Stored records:
■ ■ ■ ■ ■

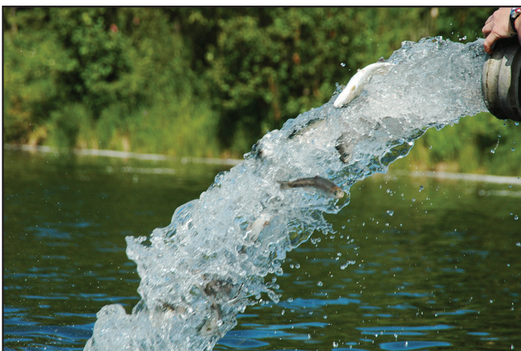
Rainbow Trout being released by ADF&G into Reflections Lake.

On Friday, July 6, the Alaska Department of Fish and Game (ADF&G) released 600 yearling Rainbow Trout into Reflections Lake. It is the first of a series of releases in the Fish and Game release plan.
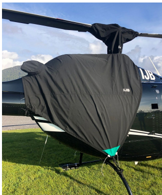
Bell 505 Engine, Rotor Mast & Blade Covers

WINTER USE MATERIAL - Made with Solution-Dyed Polyester fabric, this option is intended for seasonal use to aid in deicing, rain mitigation, or for occasional travel. The material is lighter and more compact, but more susceptible to UV damage and may have a shorter useful life if used continuously outside than the all-year use material.
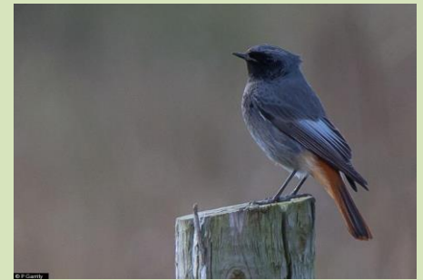
Black Redstart – P.Garrity

A Chiffchaff was a good find in a Malin Bridge garden on 10th and another was at Linacre Res on 11th, when a single Stonechat was at Topley Moss, and a Brambling visited garden feeders at Norton on 13th in a very poor showing for this species. Reports of a Black Redstart alongside the new housing estate at Waverley on 13th were confirmed the following day in the form of a fine male, which sometimes showed well but could also prove extremely elusive.
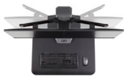
Focal depth adjustment
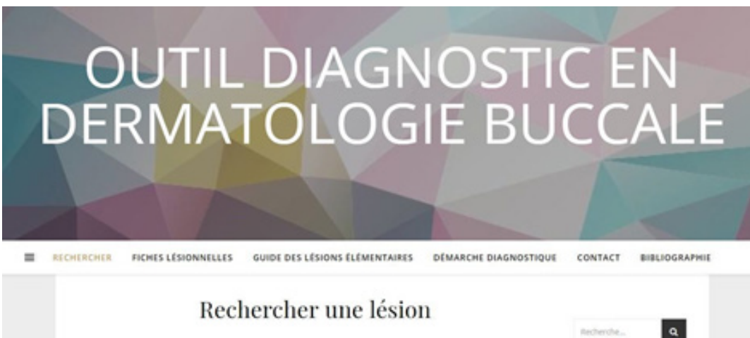
Figure 4 : Menu bar on the website's home page (screenshot).
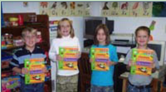
Damascus Christian 3rd Graders with their new Dictionaries.
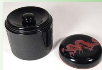
Ebony 882 Tobacco Humidor
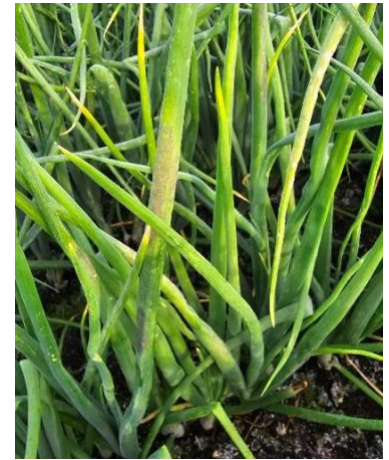
Dom Blass - Scout

Conditions have not been very favourable for onion downy mildew development at the moment. Extending the time between sprays may be an option right now. There are many products registered for control of downy mildew, but our research at the Muck Station has shown that Orondis Ultra (group 40/49), Orondis Gold (group 4/49) and Zampro (group 45/40) are the most effective for controlling this disease. Ridomil Gold MZ (group 4/M3) is no longer being produced, but if you have some it is an effective product as well. These systemic products should protect onions for 10 days. Mancozeb products, such as Manzate Pro-Stick, Dithane Rainshield and Penncozeb 75 DF Raincoat (all group M3), can be effective for controlling downy mildew if applied before infection takes place. Therefore, if you sprayed a mancozeb product for Purple Blotch last week then the onions should be protected for ~7 days. Ridomil Gold MZ also contains mancozeb which may help control both downy mildew and Stemphylium leaf blight. Orondis Ultra should be applied with a non-ionic surfactant. Rotating fungicides is very important.
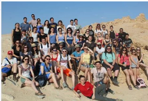
This summer 45 young adults took part in Reform and Liberal Judaism's UJIA Progressive Birthright

Mitzvah Day is November 27. Is your community involved?

■ ■ ■ ■ ■

▶ Exercise prompt
Exactly the lines starting at the one above with "Bell 505 Engine, Rotor Mast & Blade Covers" and ending at the one with "Dom Blass - Scout" should be printed, and nothing else. Omit the pictures.

▶ Answer section
Bell 505 Engine, Rotor Mast & Blade Covers

WINTER USE MATERIAL - Made with Solution-Dyed Polyester fabric, this option is intended for seasonal use to aid in deicing, rain mitigation, or for occasional travel. The material is lighter and more compact, but more susceptible to UV damage and may have a shorter useful life if used continuously outside than the all-year use material.
Black Redstart – P.Garrity

A Chiffchaff was a good find in a Malin Bridge garden on 10th and another was at Linacre Res on 11th, when a single Stonechat was at Topley Moss, and a Brambling visited garden feeders at Norton on 13th in a very poor showing for this species. Reports of a Black Redstart alongside the new housing estate at Waverley on 13th were confirmed the following day in the form of a fine male, which sometimes showed well but could also prove extremely elusive.
Focal depth adjustment
Figure 4 : Menu bar on the website's home page (screenshot).
Damascus Christian 3rd Graders with their new Dictionaries.
Ebony 882 Tobacco Humidor
Dom Blass - Scout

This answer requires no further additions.